### What this task involves
Your output should be everything below from the line containing "fegyverrel, ki fegyver" down to the line containing "Intex camping mat, suitable", both ends included, copied exactly, with pictures left out.

### Data records
★ ★ ★ ★

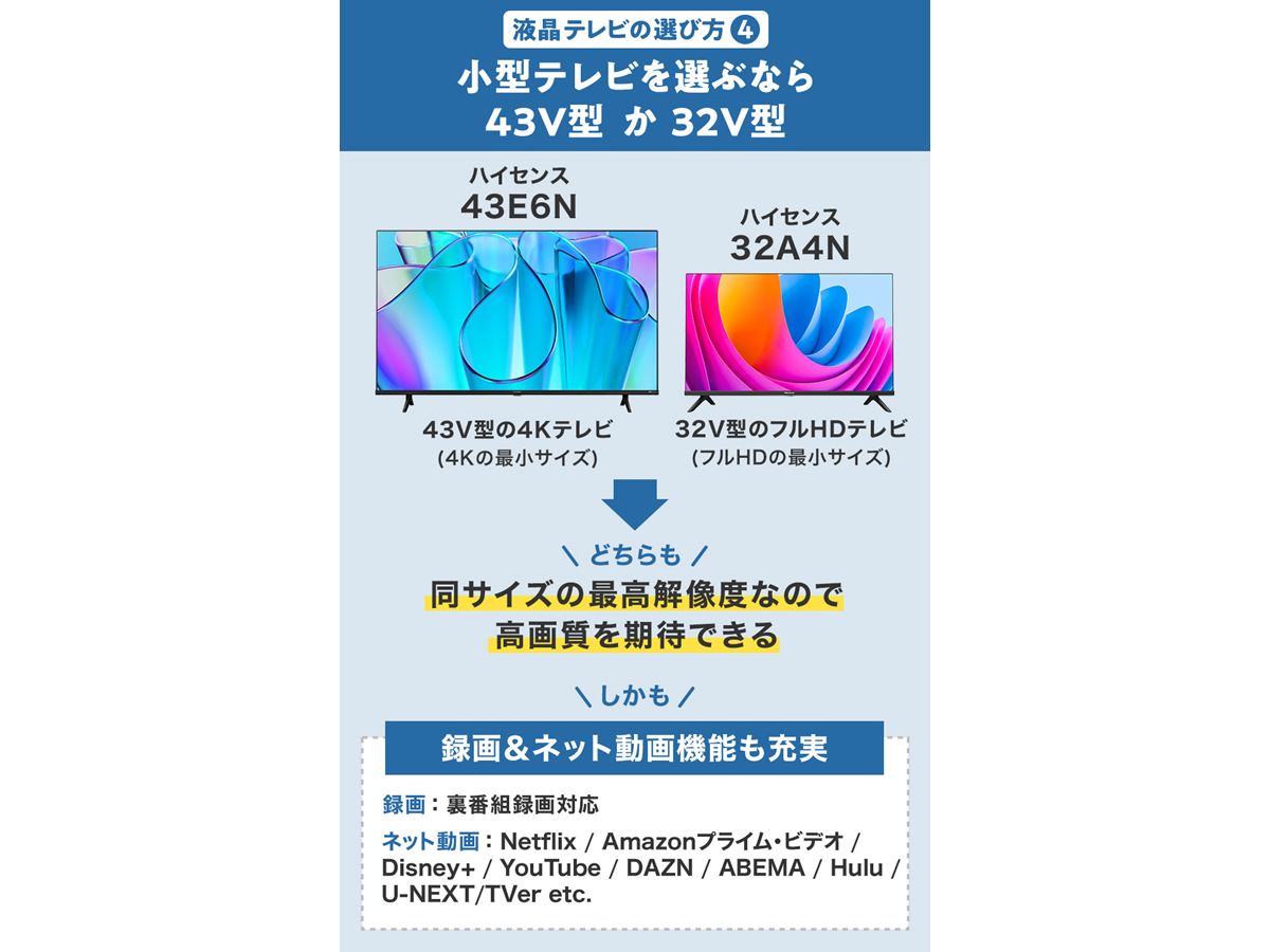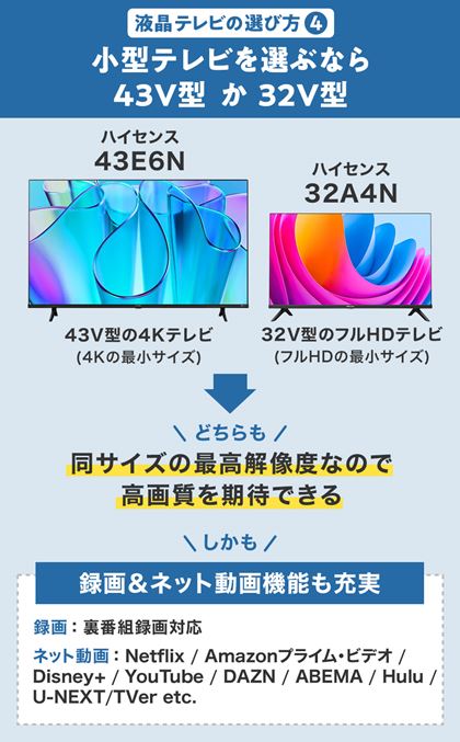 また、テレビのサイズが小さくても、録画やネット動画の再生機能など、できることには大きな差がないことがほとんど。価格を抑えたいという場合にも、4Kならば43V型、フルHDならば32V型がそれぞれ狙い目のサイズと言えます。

★ ★ ★ ★

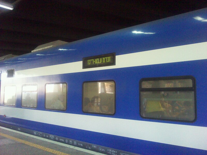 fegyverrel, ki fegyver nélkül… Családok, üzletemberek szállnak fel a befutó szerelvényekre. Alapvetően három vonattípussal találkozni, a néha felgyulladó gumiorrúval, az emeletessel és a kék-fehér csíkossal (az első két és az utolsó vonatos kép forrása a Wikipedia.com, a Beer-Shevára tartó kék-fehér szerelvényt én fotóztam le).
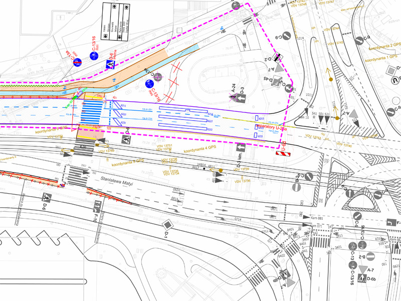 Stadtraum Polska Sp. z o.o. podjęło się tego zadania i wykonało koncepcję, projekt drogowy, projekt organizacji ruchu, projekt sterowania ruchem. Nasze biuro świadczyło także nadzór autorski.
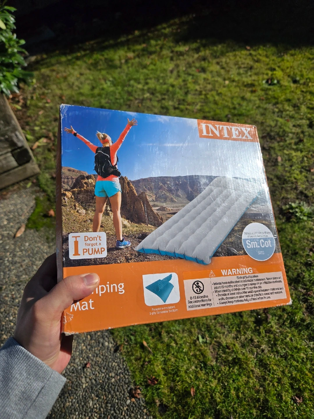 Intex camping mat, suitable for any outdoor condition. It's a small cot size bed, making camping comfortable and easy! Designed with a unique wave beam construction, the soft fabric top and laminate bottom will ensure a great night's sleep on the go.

★ ★ ★ ★

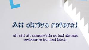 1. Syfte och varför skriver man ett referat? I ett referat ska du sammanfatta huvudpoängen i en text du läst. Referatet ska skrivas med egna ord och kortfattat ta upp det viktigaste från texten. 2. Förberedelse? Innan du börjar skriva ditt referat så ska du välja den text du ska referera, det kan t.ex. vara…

★ ★ ★ ★

### Response to this exercise
 fegyverrel, ki fegyver nélkül… Családok, üzletemberek szállnak fel a befutó szerelvényekre. Alapvetően három vonattípussal találkozni, a néha felgyulladó gumiorrúval, az emeletessel és a kék-fehér csíkossal (az első két és az utolsó vonatos kép forrása a Wikipedia.com, a Beer-Shevára tartó kék-fehér szerelvényt én fotóztam le).
 Stadtraum Polska Sp. z o.o. podjęło się tego zadania i wykonało koncepcję, projekt drogowy, projekt organizacji ruchu, projekt sterowania ruchem. Nasze biuro świadczyło także nadzór autorski.
 Intex camping mat, suitable for any outdoor condition. It's a small cot size bed, making camping comfortable and easy! Designed with a unique wave beam construction, the soft fabric top and laminate bottom will ensure a great night's sleep on the go.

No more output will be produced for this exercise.